----- Data to process -----
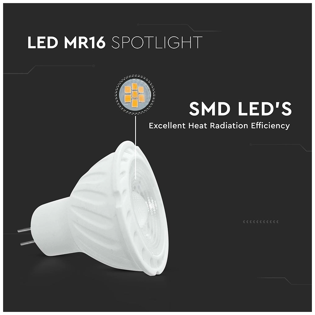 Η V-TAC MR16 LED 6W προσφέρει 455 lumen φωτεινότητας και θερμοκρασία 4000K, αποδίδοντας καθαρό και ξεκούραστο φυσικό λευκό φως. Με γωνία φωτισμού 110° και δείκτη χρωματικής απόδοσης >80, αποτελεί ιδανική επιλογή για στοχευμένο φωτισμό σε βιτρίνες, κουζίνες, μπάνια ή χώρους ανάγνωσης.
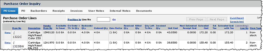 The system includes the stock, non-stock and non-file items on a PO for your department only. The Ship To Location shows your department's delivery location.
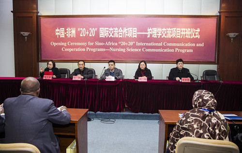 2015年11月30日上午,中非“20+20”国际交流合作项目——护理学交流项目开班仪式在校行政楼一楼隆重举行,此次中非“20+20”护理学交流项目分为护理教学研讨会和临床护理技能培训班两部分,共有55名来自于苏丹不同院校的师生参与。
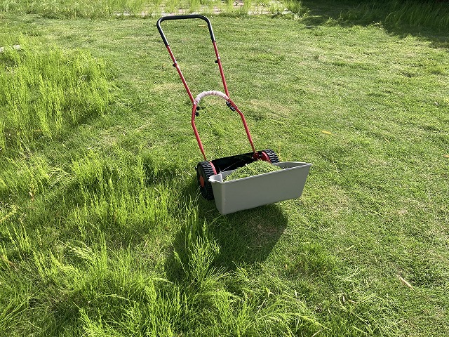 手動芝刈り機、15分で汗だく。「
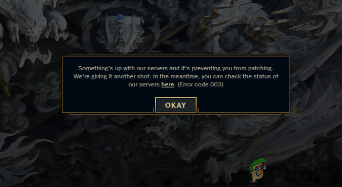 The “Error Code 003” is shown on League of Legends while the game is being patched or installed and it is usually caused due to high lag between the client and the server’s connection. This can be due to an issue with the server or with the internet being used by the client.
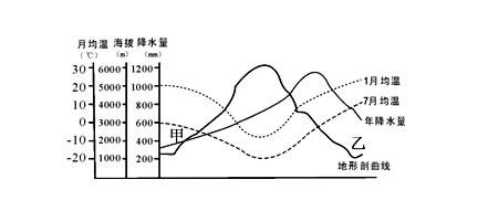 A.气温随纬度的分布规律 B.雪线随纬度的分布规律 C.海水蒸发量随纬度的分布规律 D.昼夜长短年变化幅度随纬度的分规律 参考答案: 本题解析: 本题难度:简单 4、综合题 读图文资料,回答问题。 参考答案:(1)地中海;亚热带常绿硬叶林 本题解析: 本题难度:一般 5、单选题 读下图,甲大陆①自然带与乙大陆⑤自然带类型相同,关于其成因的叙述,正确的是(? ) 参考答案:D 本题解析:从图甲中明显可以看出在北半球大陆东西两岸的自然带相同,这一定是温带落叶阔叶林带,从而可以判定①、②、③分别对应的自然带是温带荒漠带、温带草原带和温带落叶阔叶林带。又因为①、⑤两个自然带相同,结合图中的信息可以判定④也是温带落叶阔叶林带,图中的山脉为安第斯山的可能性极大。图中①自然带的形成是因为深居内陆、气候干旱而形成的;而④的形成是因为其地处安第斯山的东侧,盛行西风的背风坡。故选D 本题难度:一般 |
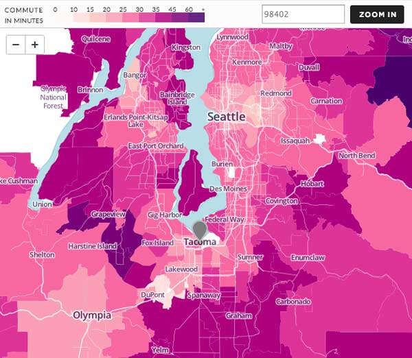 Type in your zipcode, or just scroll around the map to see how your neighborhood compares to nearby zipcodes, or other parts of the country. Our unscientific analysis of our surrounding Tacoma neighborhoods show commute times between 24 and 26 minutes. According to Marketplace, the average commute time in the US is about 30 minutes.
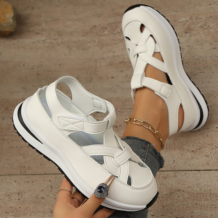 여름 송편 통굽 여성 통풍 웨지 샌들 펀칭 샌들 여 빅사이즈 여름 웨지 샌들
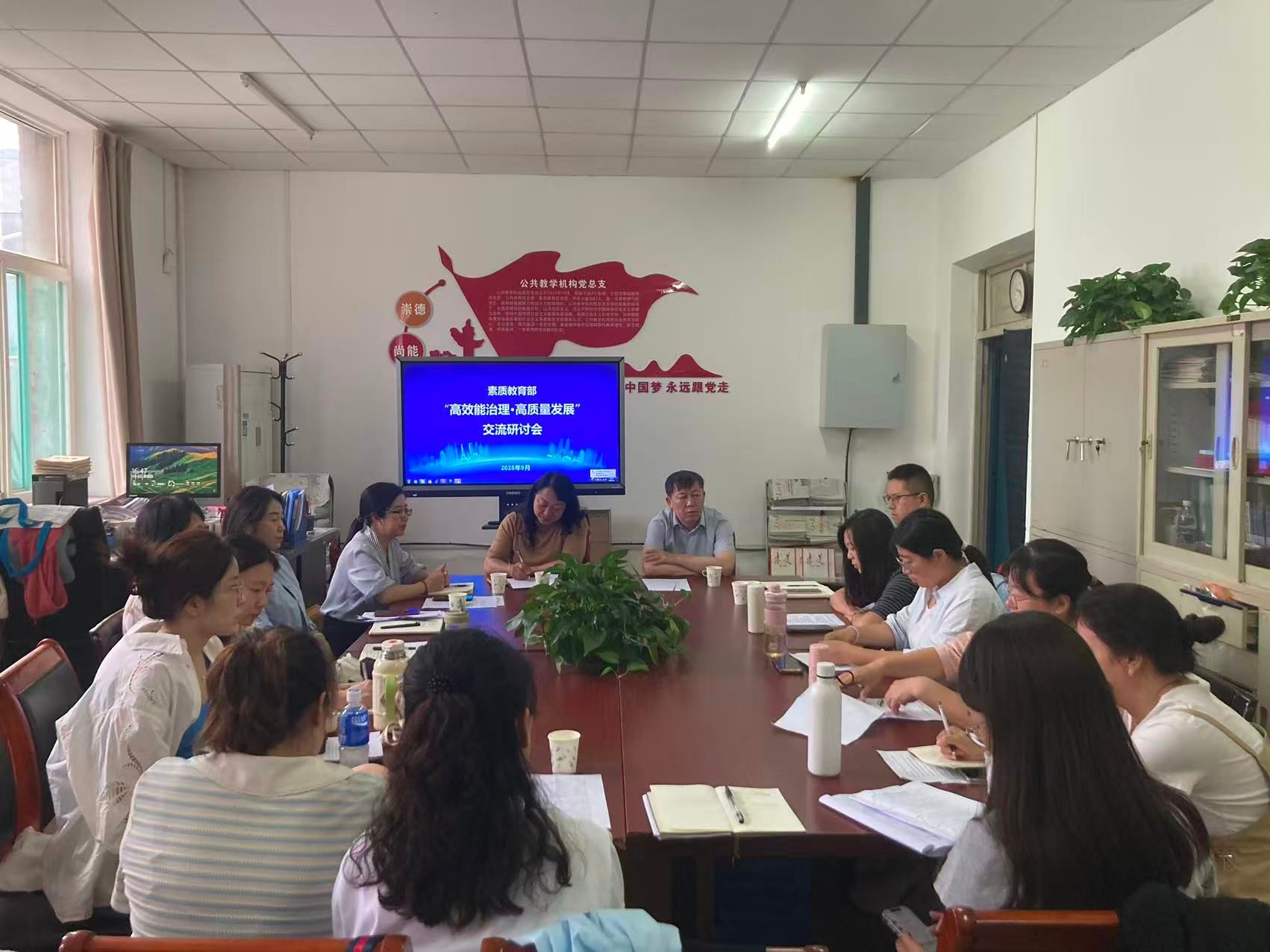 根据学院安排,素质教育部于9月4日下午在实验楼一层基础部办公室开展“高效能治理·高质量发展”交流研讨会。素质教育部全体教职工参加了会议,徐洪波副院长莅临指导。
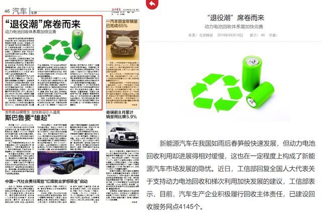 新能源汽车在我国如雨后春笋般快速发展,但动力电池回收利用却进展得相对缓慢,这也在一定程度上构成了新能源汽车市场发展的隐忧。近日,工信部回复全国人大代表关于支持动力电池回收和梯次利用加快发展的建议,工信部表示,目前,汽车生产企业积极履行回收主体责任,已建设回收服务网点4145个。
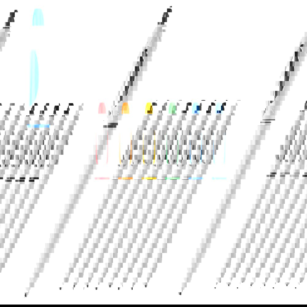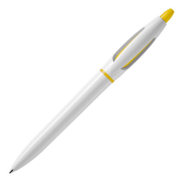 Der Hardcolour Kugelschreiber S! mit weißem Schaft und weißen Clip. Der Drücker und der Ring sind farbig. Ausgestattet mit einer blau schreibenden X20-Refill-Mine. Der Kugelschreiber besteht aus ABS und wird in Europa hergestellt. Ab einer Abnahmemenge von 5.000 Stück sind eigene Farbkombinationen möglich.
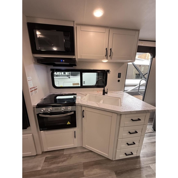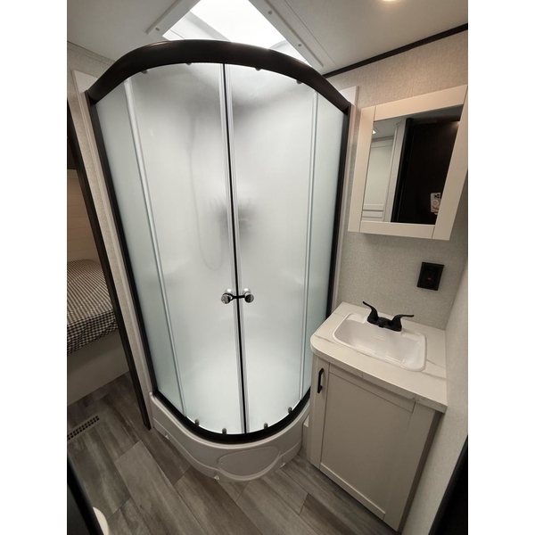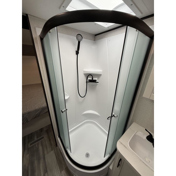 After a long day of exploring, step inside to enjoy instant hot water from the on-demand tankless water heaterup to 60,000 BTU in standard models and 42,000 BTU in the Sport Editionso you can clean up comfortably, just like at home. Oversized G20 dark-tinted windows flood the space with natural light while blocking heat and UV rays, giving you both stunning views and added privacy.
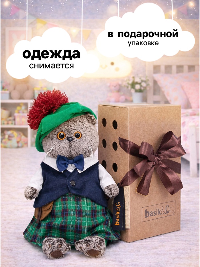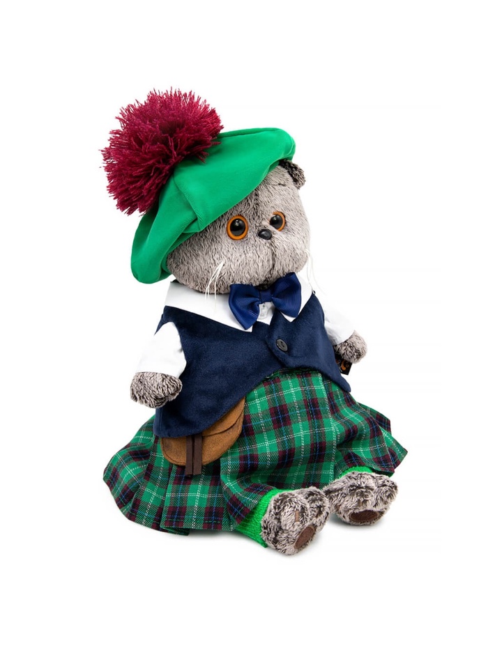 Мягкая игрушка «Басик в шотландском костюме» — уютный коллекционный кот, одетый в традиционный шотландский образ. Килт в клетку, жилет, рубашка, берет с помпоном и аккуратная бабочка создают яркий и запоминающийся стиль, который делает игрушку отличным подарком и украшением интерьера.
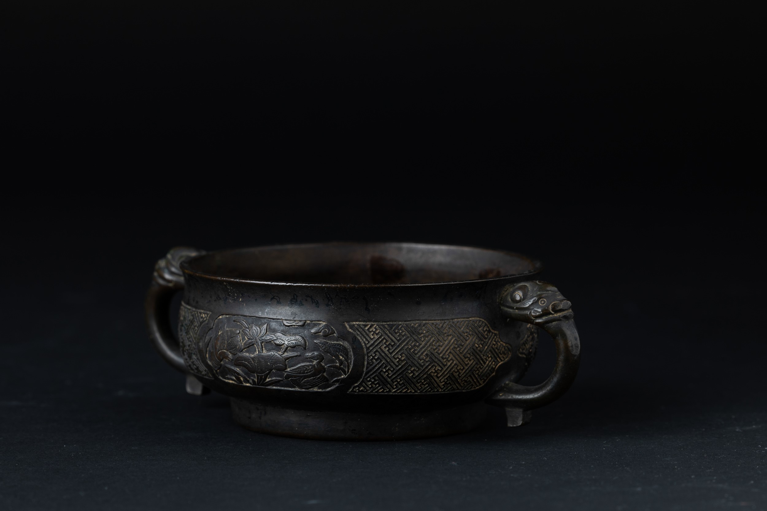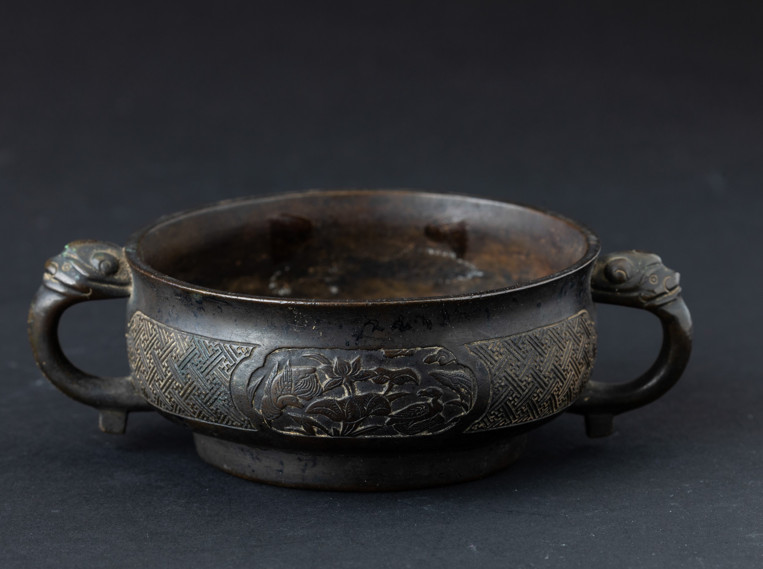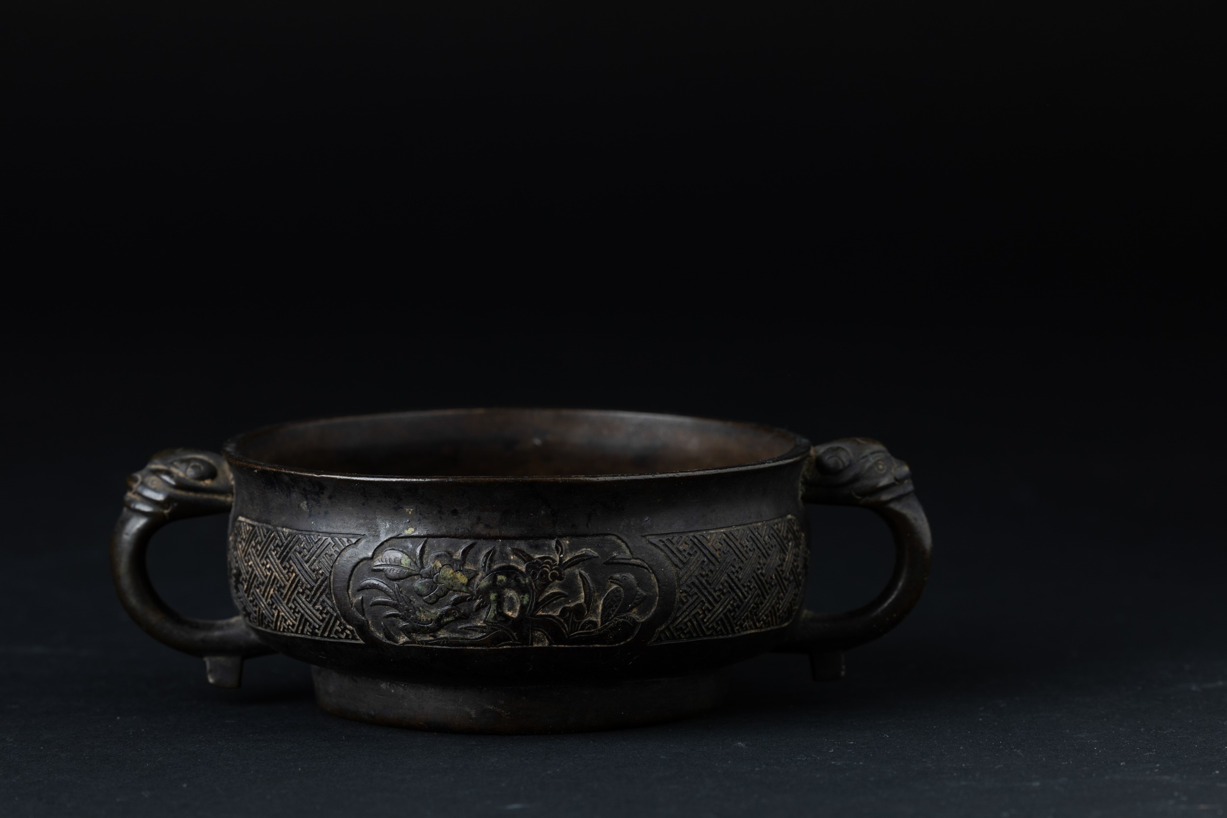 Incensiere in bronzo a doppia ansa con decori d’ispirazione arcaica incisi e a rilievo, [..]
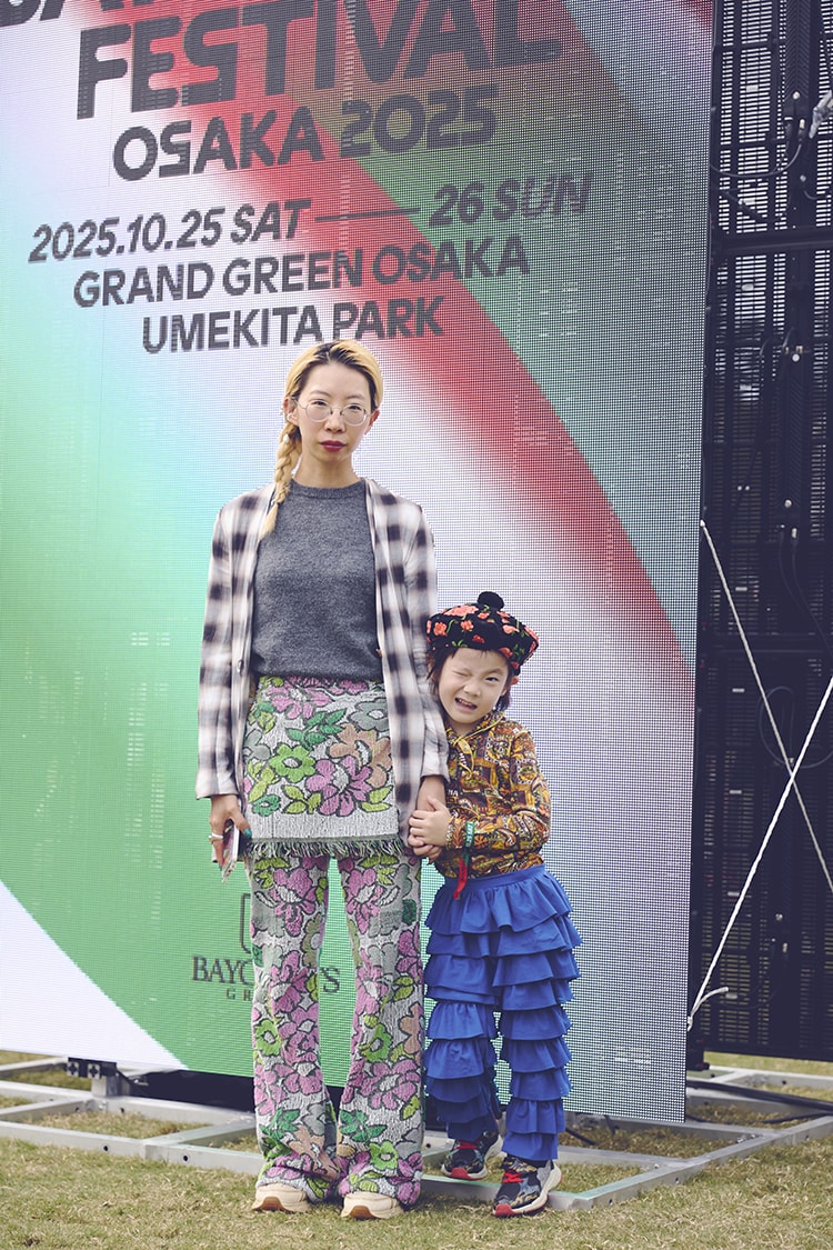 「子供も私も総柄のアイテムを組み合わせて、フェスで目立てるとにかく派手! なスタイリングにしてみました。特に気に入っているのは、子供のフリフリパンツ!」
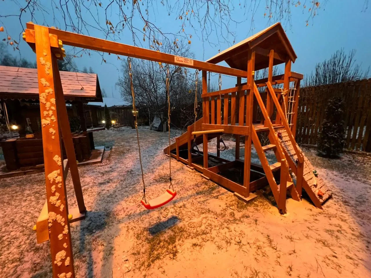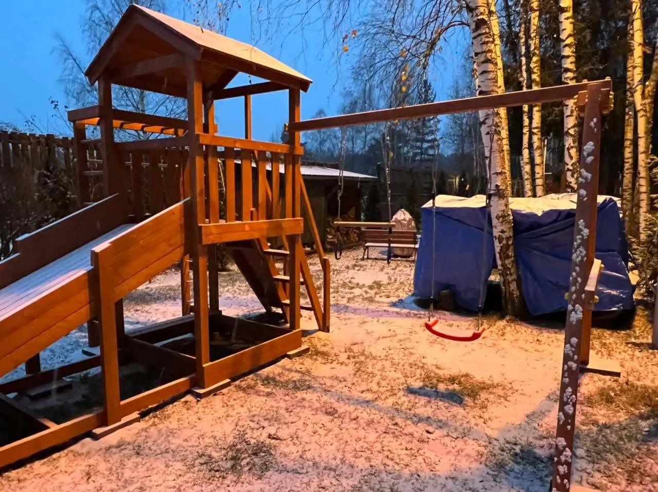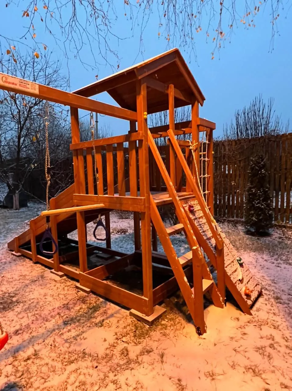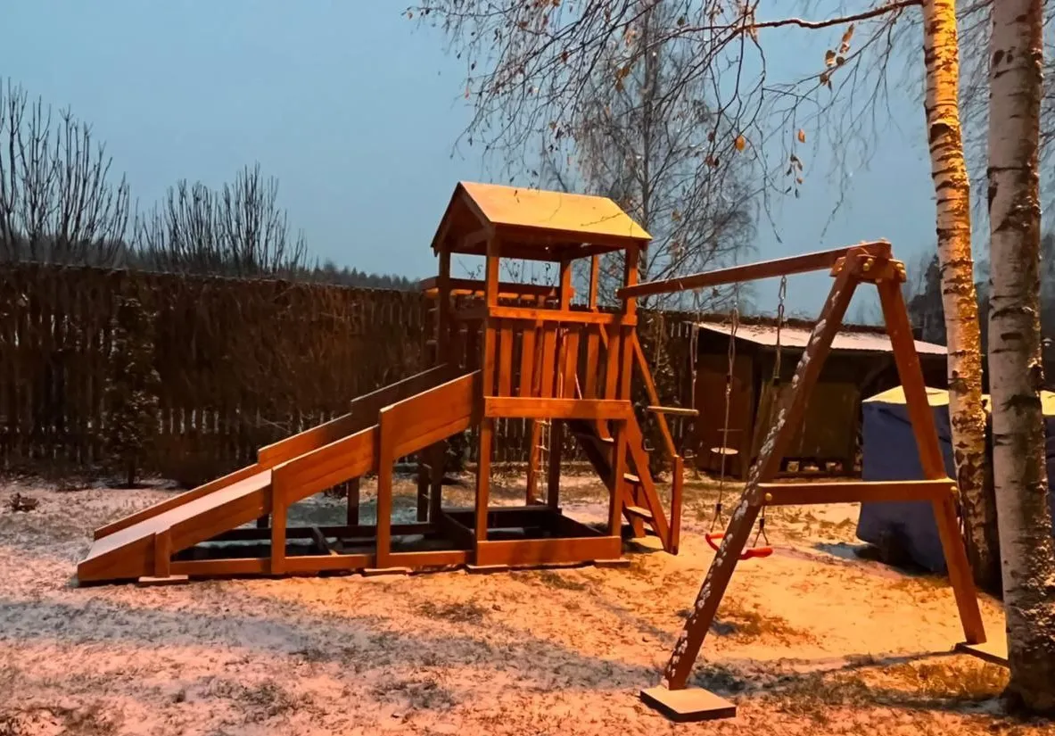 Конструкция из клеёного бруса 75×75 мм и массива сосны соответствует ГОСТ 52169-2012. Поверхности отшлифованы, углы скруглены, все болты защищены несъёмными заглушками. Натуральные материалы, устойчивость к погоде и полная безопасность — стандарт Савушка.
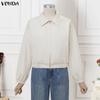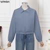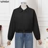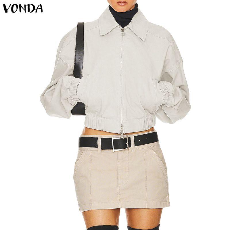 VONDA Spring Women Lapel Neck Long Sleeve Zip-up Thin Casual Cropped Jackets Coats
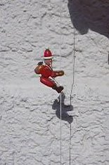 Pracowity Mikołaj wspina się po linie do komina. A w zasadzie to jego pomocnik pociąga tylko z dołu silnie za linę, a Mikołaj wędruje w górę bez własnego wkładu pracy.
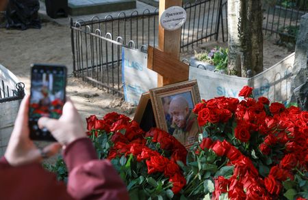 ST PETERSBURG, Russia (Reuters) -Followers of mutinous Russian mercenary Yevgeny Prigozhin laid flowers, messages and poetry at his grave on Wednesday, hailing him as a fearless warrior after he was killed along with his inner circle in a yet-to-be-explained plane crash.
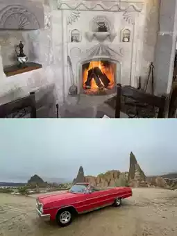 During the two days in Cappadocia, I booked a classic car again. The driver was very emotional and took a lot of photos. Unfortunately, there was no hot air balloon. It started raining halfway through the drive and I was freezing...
-----
### Assignment
Using the listing above, restate exactly the range between the lines holding "手動芝刈り機、15分で汗だく。「" and "根据学院安排,素质教育部于9", inclusive, with pictures left out.

### Exercise solution
 手動芝刈り機、15分で汗だく。「
 The “Error Code 003” is shown on League of Legends while the game is being patched or installed and it is usually caused due to high lag between the client and the server’s connection. This can be due to an issue with the server or with the internet being used by the client.
 A.气温随纬度的分布规律 B.雪线随纬度的分布规律 C.海水蒸发量随纬度的分布规律 D.昼夜长短年变化幅度随纬度的分规律 参考答案: 本题解析: 本题难度:简单 4、综合题 读图文资料,回答问题。 参考答案:(1)地中海;亚热带常绿硬叶林 本题解析: 本题难度:一般 5、单选题 读下图,甲大陆①自然带与乙大陆⑤自然带类型相同,关于其成因的叙述,正确的是(? ) 参考答案:D 本题解析:从图甲中明显可以看出在北半球大陆东西两岸的自然带相同,这一定是温带落叶阔叶林带,从而可以判定①、②、③分别对应的自然带是温带荒漠带、温带草原带和温带落叶阔叶林带。又因为①、⑤两个自然带相同,结合图中的信息可以判定④也是温带落叶阔叶林带,图中的山脉为安第斯山的可能性极大。图中①自然带的形成是因为深居内陆、气候干旱而形成的;而④的形成是因为其地处安第斯山的东侧,盛行西风的背风坡。故选D 本题难度:一般 |
 Type in your zipcode, or just scroll around the map to see how your neighborhood compares to nearby zipcodes, or other parts of the country. Our unscientific analysis of our surrounding Tacoma neighborhoods show commute times between 24 and 26 minutes. According to Marketplace, the average commute time in the US is about 30 minutes.
 여름 송편 통굽 여성 통풍 웨지 샌들 펀칭 샌들 여 빅사이즈 여름 웨지 샌들
 根据学院安排,素质教育部于9月4日下午在实验楼一层基础部办公室开展“高效能治理·高质量发展”交流研讨会。素质教育部全体教职工参加了会议,徐洪波副院长莅临指导。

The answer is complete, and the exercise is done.